- Data segment:
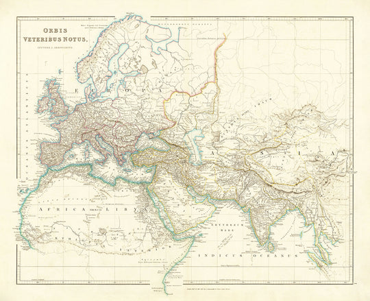 Este mapa, titulado Orbis Veteribus Notus, significa literalmente "El Mundo Conocido por los Antiguos," o quizás el Viejo Mundo. Muestra las partes de Europa, África, Asia y el Medio Oriente que eran conocidas por las civilizaciones antiguas - los romanos, los griegos, los persas, etc.
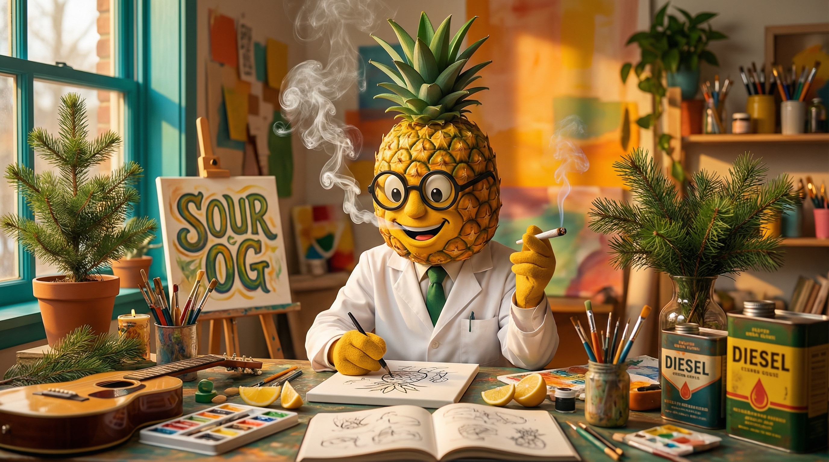 The onset hits like intellectual lightning wrapped in a warm blanket—my mind immediately sharpens while tension I didn't know I was carrying just... dissolves. There's this fascinating dual-channel experience happening: the Sour Diesel genetics are lighting up creative pathways, making connections between ideas feel effortless, while the OG Kush side is systematically relaxing every muscle from my neck downward.
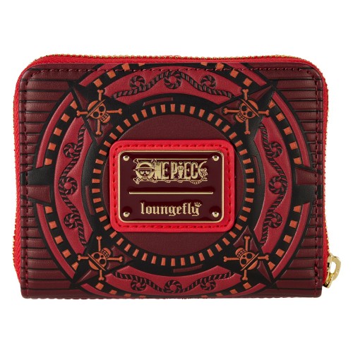 Features: Zippered closure, molded metal charm, four card slots, one clear ID slot with die-cut Jolly Roger cutout, and features applique, debossed, real rope, textured faux leather, and printed details.

- The task: Return every line above verbatim, pictures excluded.

- Reply to the exercise:
 Este mapa, titulado Orbis Veteribus Notus, significa literalmente "El Mundo Conocido por los Antiguos," o quizás el Viejo Mundo. Muestra las partes de Europa, África, Asia y el Medio Oriente que eran conocidas por las civilizaciones antiguas - los romanos, los griegos, los persas, etc.
 The onset hits like intellectual lightning wrapped in a warm blanket—my mind immediately sharpens while tension I didn't know I was carrying just... dissolves. There's this fascinating dual-channel experience happening: the Sour Diesel genetics are lighting up creative pathways, making connections between ideas feel effortless, while the OG Kush side is systematically relaxing every muscle from my neck downward.
 Features: Zippered closure, molded metal charm, four card slots, one clear ID slot with die-cut Jolly Roger cutout, and features applique, debossed, real rope, textured faux leather, and printed details.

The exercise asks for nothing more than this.